From the inside, the tenting could scarcely be seen; it was much less visible than Terminator’s dome, and it seemed as if they stood in the open air, which was warm and aromatic. A black roof of starry space stood overhead, turning blue only just over the horizon; the atmosphere was almost entirely below them. They had to be inside a tent, and knowing that, one could just make it out here and there, prisming against the border of blue-and-black sky. Olympus Mons was so big that the distant horizon to the east and south was still part of the mountain; they could not see the Tharsis volcanoes over the horizon to the east, nor any of the planet below the encircling escarpment. All the land they could see was as bare and red as it had been in the beginning, with only the blue rind of air over the horizon to reveal what they had done to this world.

All the tented land of the festival space was on a mild tilt, and had been terraced, therefore, to make flat surfaces. The result looked like certain terraced hillsides in Asia: a few hundred bands of level land ran down the slope, the terrace walls between them curving like contour intervals on a map. Three broad low-angled staircases cut up through these terrace walls, and some of their wedding party remarked at how this reminded them a bit of the Great Staircase in Terminator; but these staircases extended for four or five kilometers each and spanned a vertical reach of perhaps three hundred meters—it was hard to judge, given the vastness of the volcano outside the tent.

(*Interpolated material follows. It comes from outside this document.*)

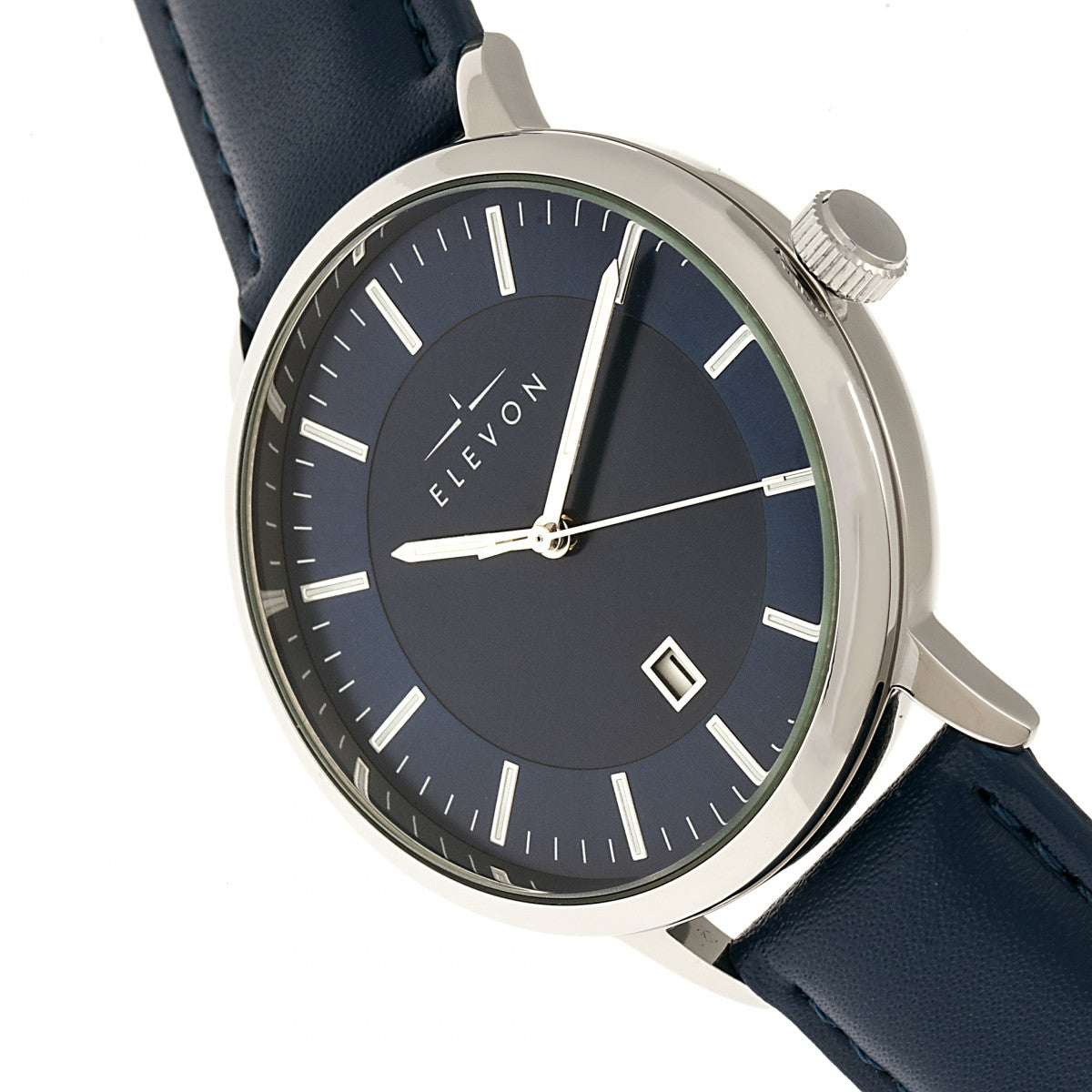 Elevon Vin Leather-Band Watch w/Date - Silver/Blue
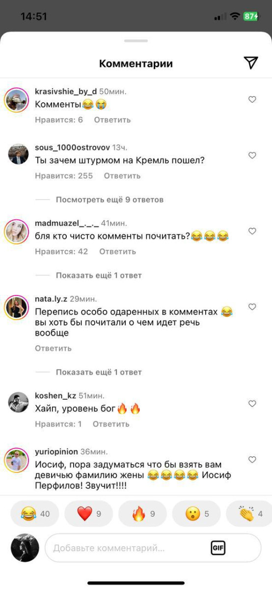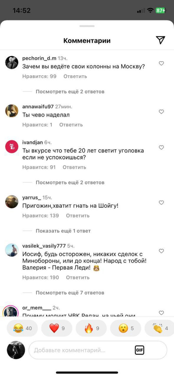 Заглянув в свой Instagram, Иосиф Пригожин увидел тысячи комментариев, в которых его просят "вернуть Ростов-на-Дону" и перестать "гнать на Шойгу", а некоторые вообще советуют Пригожину взять фамилию жены — певицы Валерии.

The epithalamion was the wedding day for Mars and for visitors from all over the system. Now the festival space was busy with movement, and loud with voices, as a few hundred couples moved up and down the staircases with their groups, finding the terraces reserved for them. The three staircases were heaped with flowers for the day. One could not avoid stepping on flowers, and their bright colors stained the big quartzite flagstones covering the risers.

Wahram and Swan and their group came to their terrace, number 312. When Swan saw that their friends had decorated the terrace in flowers so as to make it look somewhat as if Terminator’s Great Staircase were running through the seashell architecture of Iapetus, she smiled and gave Wahram a hug. They stood together smiling as their party of friends applauded them. Wahram was dressed in Saturnian black and resembled a dreadful Roman emperor or, yes, a giant amphibian. Mr. Toad was indeed beginning his wild ride. Swan was in a red dress that made it look as if she stood in a rose of fire. She would not let go of Wahram’s hand as they ascended littler stairs onto the dais where they were going to conduct their ceremony.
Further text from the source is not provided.